Output exactly the lines below, starting with the line that has "Teren rekreacyjny, Park" and going on through the line that has "イタリアン/ヘンプ&コットン", both included, and no other lines.

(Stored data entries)
=== Section Start ===
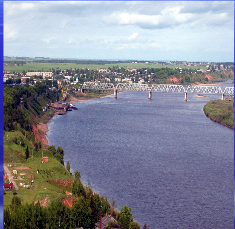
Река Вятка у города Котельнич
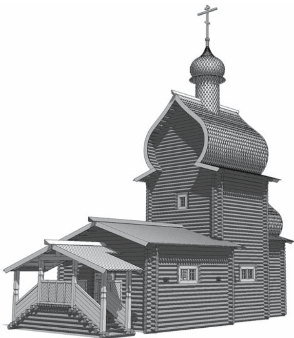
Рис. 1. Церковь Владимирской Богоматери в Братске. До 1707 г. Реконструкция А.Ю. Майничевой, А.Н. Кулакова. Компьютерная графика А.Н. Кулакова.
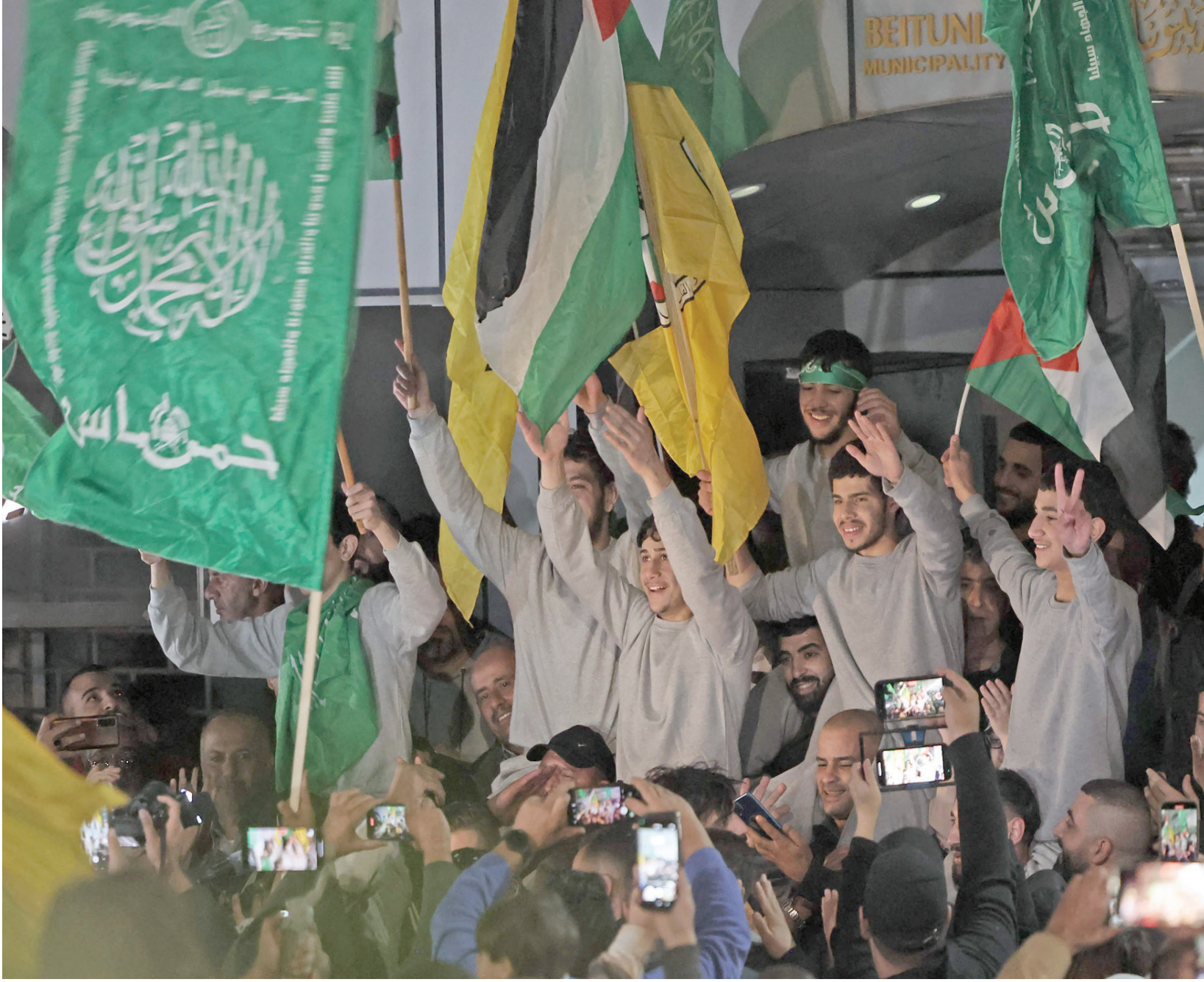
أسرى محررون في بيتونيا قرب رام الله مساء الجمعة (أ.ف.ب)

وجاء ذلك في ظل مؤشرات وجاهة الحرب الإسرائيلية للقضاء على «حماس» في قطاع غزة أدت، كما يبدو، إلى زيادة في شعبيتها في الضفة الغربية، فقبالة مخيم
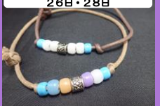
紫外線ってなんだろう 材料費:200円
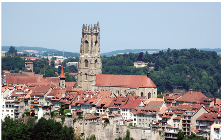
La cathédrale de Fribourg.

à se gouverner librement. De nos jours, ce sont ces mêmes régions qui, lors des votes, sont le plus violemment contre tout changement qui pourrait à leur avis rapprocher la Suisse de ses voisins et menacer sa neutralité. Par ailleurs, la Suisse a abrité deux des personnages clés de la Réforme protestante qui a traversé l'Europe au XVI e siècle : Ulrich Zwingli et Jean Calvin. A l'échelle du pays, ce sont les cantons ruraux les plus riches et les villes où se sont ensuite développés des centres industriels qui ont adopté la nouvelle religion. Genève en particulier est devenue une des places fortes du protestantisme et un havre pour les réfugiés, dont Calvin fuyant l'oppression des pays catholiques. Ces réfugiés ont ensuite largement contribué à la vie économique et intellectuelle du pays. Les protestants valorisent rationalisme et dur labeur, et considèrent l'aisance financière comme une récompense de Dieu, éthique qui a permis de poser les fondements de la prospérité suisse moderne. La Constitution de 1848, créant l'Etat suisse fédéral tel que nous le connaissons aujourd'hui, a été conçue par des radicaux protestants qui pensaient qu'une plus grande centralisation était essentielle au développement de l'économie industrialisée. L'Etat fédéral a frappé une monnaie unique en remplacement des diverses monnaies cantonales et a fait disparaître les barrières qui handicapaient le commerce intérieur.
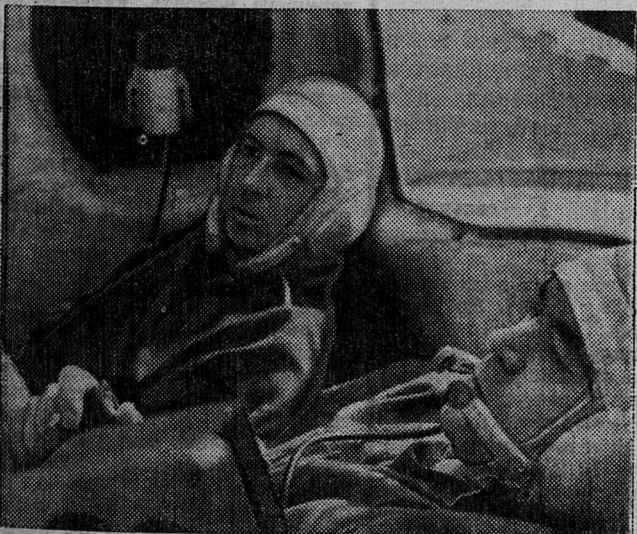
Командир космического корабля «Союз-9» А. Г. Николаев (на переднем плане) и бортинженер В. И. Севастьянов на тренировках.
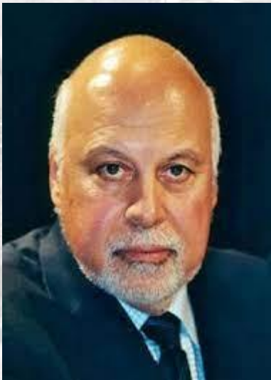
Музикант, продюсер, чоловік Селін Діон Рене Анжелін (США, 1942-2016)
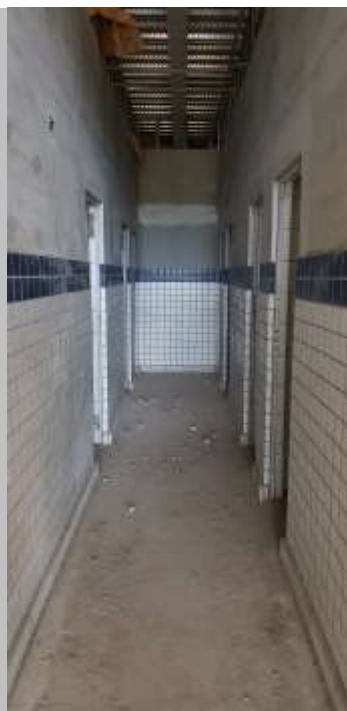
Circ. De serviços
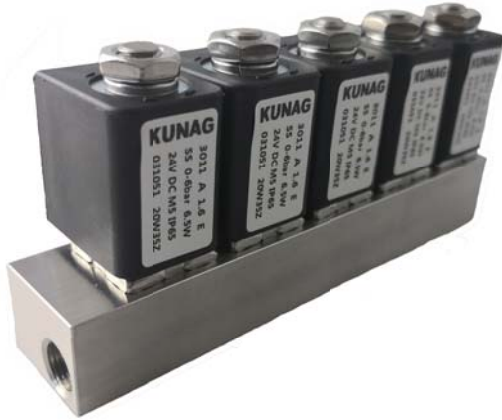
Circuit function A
=== Section End ===
=== Section Start ===
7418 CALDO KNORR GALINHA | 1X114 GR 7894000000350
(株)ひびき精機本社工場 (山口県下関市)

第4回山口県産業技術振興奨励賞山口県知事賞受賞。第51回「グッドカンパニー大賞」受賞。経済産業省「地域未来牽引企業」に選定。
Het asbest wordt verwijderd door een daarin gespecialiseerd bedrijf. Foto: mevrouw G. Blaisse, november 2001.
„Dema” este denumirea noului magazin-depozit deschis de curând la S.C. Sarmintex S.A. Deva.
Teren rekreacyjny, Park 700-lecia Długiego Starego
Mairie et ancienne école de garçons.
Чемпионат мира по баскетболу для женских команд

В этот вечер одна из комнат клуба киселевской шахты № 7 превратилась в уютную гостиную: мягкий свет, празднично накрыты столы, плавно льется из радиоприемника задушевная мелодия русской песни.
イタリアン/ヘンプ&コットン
=== Section End ===
ANSWER TO THIS EXERCISE
Teren rekreacyjny, Park 700-lecia Długiego Starego
Mairie et ancienne école de garçons.
Чемпионат мира по баскетболу для женских команд

В этот вечер одна из комнат клуба киселевской шахты № 7 превратилась в уютную гостиную: мягкий свет, празднично накрыты столы, плавно льется из радиоприемника задушевная мелодия русской песни.
イタリアン/ヘンプ&コットン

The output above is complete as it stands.